When the battery current for either the H or L cell falls below VS, the current from the excess discharge
detection circuit to the bias circuit is switched off. Also, the capacitor connected to the delay circuit's
comparator (COD) input pin is charged using constant current. When this falls below the COD's reference
input potential, the bias current to output control and current to the bias circuit are switched off.
The excess discharge delay time (tOD) is set by the delay circuit and cannot be modified externally. When the
bias circuit is in waiting mode, the hysteresis loop to the excess discharge detection circuit is switched off,
and the detection voltage of the excess discharge detection circuit becomes discharge resumption voltage
(VDCH). When the battery is being charged and the voltage between CS-GND during excess discharge mode
falls below VST, however, start-up current is supplied to the bias circuit, and the hysteresis loop of the excess
discharge detection circuit is connected. Therefore, the excess discharge detection circuit detection voltage
becomes VS. Also, the overcharging detection circuit goes into waiting mode, so overcharging detection does
not occur in overcharging mode.
When the cell voltage of either the H or L cell exceeds V
ALM (one is excess discharging and the other is
overcharging), the bias current is maintained in the overcharging detection circuit. Therefore, the overcharging
is maintained until the current falls below V
ALM.
The timing (clock) for the waiting interval and operating interval is created by the timing generation circuit. In
normal mode, the only blocks operating during the waiting interval are the input stages for the timing
generation circuit and the data intake section. Other blocks operate only during the operation interval.

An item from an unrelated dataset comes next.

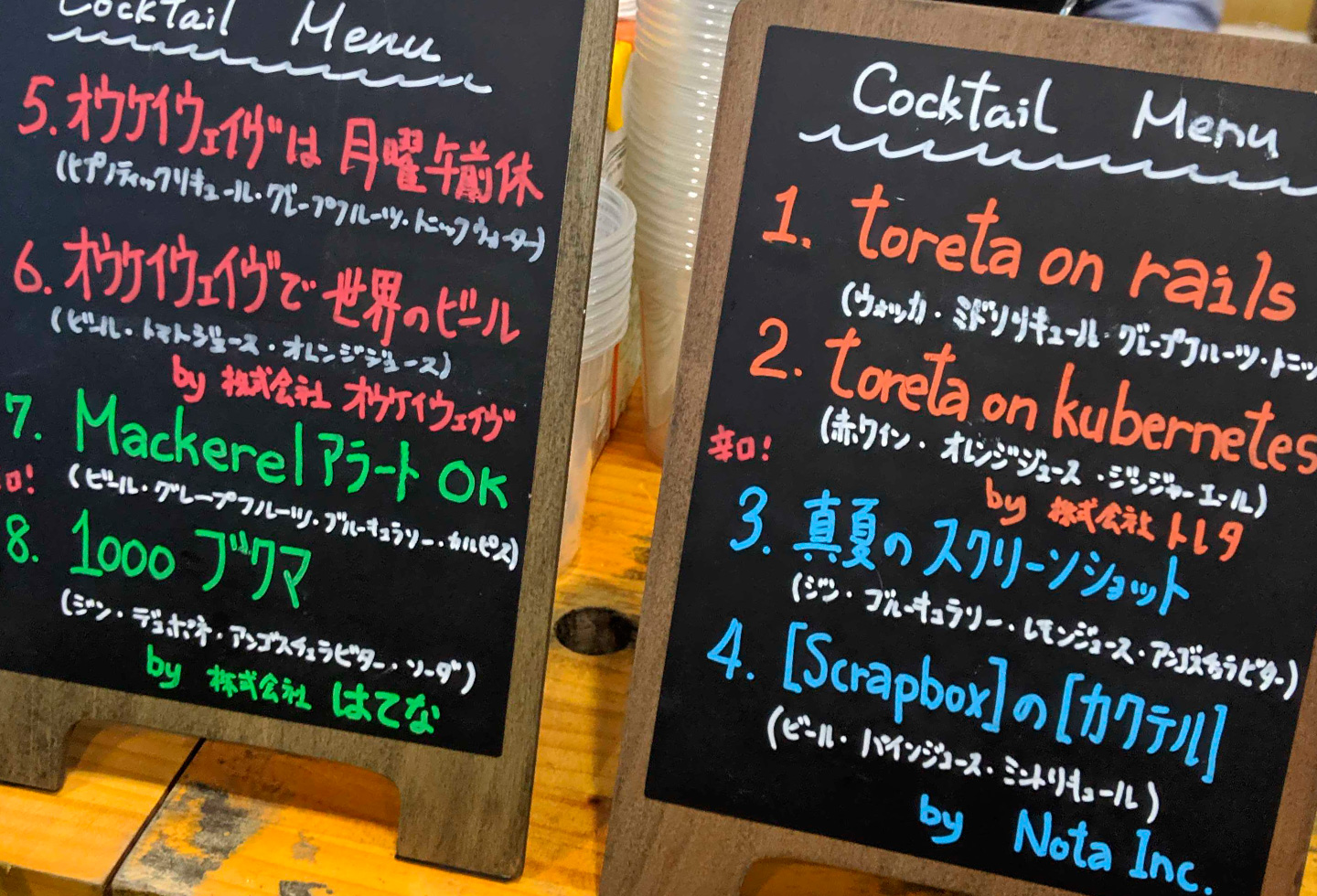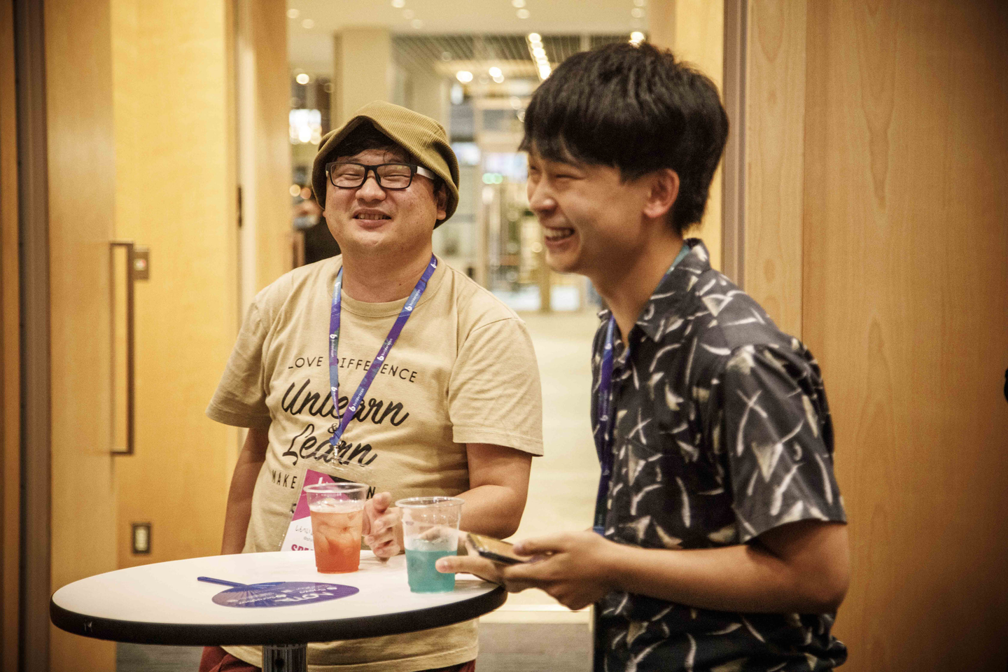 登壇を終えたShimpeimさんをカクテルで労う、Classiのエンジニアの原さん。

The operation interval and the waiting interval are set at a ratio of 1:10, reducing power consumption. The
voltage detection resistance of the overcharge detection circuit is switched on and off by the detection
section's SW circuit. Therefore, current does not flow to detection resistors during waiting time, resulting in
low current consumption during excess discharge mode.
(Operating sequence)
Bias current is supplied to the timing generation circuit and data intake section by the bias circuit of the
excess discharge detection section during normal mode.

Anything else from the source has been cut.